------ Input data ------
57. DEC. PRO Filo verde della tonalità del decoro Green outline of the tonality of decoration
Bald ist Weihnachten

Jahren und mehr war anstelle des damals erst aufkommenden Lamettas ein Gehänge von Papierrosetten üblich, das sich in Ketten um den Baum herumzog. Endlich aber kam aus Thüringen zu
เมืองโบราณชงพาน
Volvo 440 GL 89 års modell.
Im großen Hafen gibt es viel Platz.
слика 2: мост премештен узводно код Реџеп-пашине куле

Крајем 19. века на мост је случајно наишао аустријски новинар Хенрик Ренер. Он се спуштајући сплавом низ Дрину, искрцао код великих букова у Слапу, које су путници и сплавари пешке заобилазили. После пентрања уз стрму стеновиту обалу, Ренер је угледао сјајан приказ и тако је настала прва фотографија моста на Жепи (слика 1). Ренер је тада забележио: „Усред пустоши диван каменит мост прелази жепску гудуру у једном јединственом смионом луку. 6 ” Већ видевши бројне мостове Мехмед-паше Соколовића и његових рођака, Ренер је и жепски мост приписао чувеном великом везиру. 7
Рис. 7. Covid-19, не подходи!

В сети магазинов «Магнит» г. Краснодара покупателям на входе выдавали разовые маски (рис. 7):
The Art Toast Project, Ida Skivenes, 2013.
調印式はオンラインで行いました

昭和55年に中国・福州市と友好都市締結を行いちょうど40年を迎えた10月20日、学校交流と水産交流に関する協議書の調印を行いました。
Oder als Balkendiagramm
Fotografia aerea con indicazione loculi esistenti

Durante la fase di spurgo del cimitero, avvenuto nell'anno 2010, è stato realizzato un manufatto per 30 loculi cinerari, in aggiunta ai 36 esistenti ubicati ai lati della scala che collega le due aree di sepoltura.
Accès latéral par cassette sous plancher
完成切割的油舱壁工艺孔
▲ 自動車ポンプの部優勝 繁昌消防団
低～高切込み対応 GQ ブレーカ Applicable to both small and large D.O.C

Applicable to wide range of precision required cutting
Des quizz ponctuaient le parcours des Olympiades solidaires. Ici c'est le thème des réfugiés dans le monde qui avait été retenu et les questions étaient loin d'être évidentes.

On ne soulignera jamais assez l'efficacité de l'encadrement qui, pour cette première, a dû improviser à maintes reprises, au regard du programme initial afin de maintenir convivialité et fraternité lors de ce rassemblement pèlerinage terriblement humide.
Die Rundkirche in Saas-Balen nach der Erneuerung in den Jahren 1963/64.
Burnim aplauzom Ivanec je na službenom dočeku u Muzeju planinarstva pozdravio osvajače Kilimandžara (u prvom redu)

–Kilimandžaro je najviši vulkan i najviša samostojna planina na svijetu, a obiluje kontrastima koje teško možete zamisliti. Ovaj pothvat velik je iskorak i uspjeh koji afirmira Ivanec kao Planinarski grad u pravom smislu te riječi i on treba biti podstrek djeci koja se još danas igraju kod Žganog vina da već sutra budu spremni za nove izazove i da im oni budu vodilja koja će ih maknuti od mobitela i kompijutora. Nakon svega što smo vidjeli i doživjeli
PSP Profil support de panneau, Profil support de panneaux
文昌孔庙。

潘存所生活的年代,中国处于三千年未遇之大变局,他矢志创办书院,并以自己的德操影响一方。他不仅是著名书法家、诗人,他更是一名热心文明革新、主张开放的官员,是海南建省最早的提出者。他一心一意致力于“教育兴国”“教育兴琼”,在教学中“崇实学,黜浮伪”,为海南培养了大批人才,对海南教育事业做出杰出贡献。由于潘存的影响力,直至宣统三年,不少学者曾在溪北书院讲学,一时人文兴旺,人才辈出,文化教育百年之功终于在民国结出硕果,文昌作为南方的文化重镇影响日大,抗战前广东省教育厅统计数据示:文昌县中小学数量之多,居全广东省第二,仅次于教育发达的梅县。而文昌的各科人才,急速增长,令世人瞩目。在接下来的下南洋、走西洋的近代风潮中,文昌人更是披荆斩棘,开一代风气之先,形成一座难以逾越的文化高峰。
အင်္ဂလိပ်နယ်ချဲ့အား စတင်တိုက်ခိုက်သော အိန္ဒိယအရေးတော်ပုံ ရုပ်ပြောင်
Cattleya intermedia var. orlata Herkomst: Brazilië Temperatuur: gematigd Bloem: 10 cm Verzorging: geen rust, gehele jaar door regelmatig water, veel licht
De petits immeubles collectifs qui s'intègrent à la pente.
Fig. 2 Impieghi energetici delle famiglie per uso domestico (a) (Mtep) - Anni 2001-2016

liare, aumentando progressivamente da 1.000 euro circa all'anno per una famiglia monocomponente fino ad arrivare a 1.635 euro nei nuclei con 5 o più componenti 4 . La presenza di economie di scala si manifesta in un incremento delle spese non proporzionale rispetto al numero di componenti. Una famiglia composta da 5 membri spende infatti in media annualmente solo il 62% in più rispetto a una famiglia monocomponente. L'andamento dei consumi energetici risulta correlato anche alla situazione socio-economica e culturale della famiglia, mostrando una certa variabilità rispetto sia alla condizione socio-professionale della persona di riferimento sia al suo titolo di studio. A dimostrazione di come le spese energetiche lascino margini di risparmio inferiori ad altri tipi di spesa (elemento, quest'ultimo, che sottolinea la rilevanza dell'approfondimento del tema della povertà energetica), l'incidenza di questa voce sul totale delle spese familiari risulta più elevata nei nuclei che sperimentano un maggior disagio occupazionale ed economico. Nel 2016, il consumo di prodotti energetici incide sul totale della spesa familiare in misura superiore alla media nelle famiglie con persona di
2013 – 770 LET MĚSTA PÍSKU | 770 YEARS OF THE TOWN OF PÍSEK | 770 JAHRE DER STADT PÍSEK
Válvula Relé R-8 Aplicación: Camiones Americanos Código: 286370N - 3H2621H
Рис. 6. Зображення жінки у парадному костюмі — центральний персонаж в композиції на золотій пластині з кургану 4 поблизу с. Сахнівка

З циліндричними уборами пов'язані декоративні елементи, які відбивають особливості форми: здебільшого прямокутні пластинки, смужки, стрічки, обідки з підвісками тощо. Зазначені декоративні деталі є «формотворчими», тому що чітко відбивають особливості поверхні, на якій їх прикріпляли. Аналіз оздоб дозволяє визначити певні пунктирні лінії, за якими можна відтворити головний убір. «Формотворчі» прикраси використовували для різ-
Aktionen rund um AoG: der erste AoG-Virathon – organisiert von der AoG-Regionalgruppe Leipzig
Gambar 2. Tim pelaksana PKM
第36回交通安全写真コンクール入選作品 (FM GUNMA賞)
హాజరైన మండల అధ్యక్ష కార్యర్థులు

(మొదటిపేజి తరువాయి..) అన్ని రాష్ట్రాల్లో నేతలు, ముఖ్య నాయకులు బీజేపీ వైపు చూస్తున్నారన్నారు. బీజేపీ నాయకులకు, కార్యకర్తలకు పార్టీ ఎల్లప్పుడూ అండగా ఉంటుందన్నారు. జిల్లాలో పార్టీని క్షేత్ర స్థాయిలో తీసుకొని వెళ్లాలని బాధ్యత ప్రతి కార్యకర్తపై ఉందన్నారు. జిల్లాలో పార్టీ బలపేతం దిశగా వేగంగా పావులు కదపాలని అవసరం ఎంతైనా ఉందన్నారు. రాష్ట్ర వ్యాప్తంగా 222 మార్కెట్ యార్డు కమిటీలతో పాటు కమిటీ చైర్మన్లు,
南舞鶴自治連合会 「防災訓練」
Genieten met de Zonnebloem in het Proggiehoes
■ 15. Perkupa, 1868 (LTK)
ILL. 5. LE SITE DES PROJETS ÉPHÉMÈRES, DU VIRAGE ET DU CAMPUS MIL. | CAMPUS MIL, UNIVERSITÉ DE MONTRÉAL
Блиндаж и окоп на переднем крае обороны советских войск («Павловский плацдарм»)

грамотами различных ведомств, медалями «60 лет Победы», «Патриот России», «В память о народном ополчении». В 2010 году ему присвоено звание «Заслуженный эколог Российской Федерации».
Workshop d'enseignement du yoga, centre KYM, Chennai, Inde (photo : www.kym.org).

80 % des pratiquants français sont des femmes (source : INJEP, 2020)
------
Output the lines above exactly, but only those between the line holding "Cattleya intermedia var." and the line holding "Fig. 2 Impieghi", inclusive.

Cattleya intermedia var. orlata Herkomst: Brazilië Temperatuur: gematigd Bloem: 10 cm Verzorging: geen rust, gehele jaar door regelmatig water, veel licht
De petits immeubles collectifs qui s'intègrent à la pente.
Fig. 2 Impieghi energetici delle famiglie per uso domestico (a) (Mtep) - Anni 2001-2016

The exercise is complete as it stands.